Per aiutare il medico e gli operatori sanitari a distinguere tra vere e false novità in medicina si è sviluppato - a partire dalla Cochrane Collaboration - un movimento di opinione che ha inteso richiamare l'attenzione sulla Evidence-based Medicine.

La medicina delle prove di efficacia (MePE) persegue l'obiettivo di una ottimale risposta alle esigenze del malato.

In sostanza, la MePE si fonda su cinque elementi tra loro collegati:

  • ogni decisione clinica deve essere basata sulle più limpide evidenze scientifiche disponibili;
  • il problema clinico - deve determinare il tipo di evidenza da ricercare;
  • il ricercare l'evidenza vuol dire porsi in una prospettiva metodologica che non può prescindere dall'uso di strumenti statistici ed epidemiologici;
  • identificare e far propria criticamente una prova di efficacia in medicina è un processo che - lungi dal rimanere astratto – non può non riverberarsi concretamente nella pratica clinica quotidiana;
  • infine, la pratica medica deve essere costantemente ed attentamente valutata.

Letto da:

Paolo Vineis
Unità di Epidemiologia Oncologica dell'Ospedale S.Giovanni di Torino

Antonino Cartabellotta
Gruppo Italiano per la Medicina Basata sulle Evidenze - GIMBE®

Paolo Vineis

Quando cerco di spiegare a non medici che esiste un movimento internazionale denominato "evidence-based medicine" - o medicina basata sulle prove di efficacia : MEPE - la reazione è in genere di incredulità : "ma come, è ovvio che la medicina è basata su prove di efficacia".

Al contrario, quando lo stesso fenomeno viene spiegato a medici, molti di loro reagiscono con un certo fastidio, sostenendo che un conto sono le ricerche condotte in circostanze semplificate e protette, un conto l'esperienza personale accumulata in anni di rapporti con i pazienti.

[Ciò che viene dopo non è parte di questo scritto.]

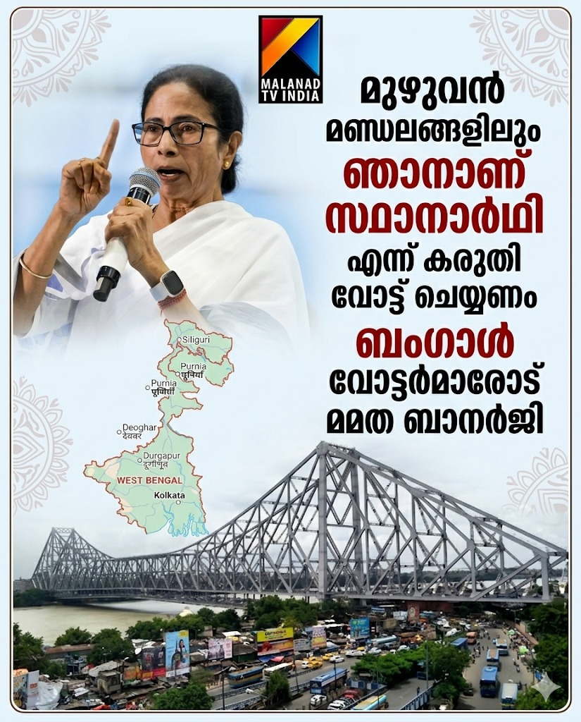 സംസ്ഥാനത്തെ മുഴുവൻ നിയമസഭ മണ്ഡലങ്ങളിലേയും സ്ഥാനാർഥി താനാണെന്ന് കരുതി ടിഎംസിക്ക് വോട്ട് ചെയ്യണമെന്ന് തൃണമൂൽകോൺഗ്രസ് നേതാവും ബംഗാൾ മുഖ്യമന്ത്രിയുമായി മമത ബാനർജി.

Come il libro curato da Liberati - in modo molto equilibrato - ci mostra, sarebbe un errore sottovalutare o deridere entrambi gli atteggiamenti. Sarebbe un errore ignorare il grado di attesa verso la scientificità della medicina creato dai mezzi di comunicazione di massa, e la mancanza di percezione, da parte del pubblico, di quanto vaste siano invece le zone d'ombra nella pratica medica (vi è un ampio dissenso perfino sulla proporzione delle pratiche mediche non sorrette da prove scientifiche). D'altro lato, i medici hanno in parte ragione nel dubitare che lo "standard aureo" della ricerca medica (lo studio controllato e randomizzato) sia una condizione necessaria e sufficiente per una buona medicina (posizione, per inciso, che non è propria dell'"evidence-based inedicine"), È chiaro che molta della

psicoterapia non può essere sottoposta a trials clinici randomizzati, cosi come parte delle tecniche chirurgiche. Inoltre la medicina ha una componente "ermeneutica" (di comprensione del mondo di vita del paziente) senza la quale essa diventa una fredda applicazione di tecnologie.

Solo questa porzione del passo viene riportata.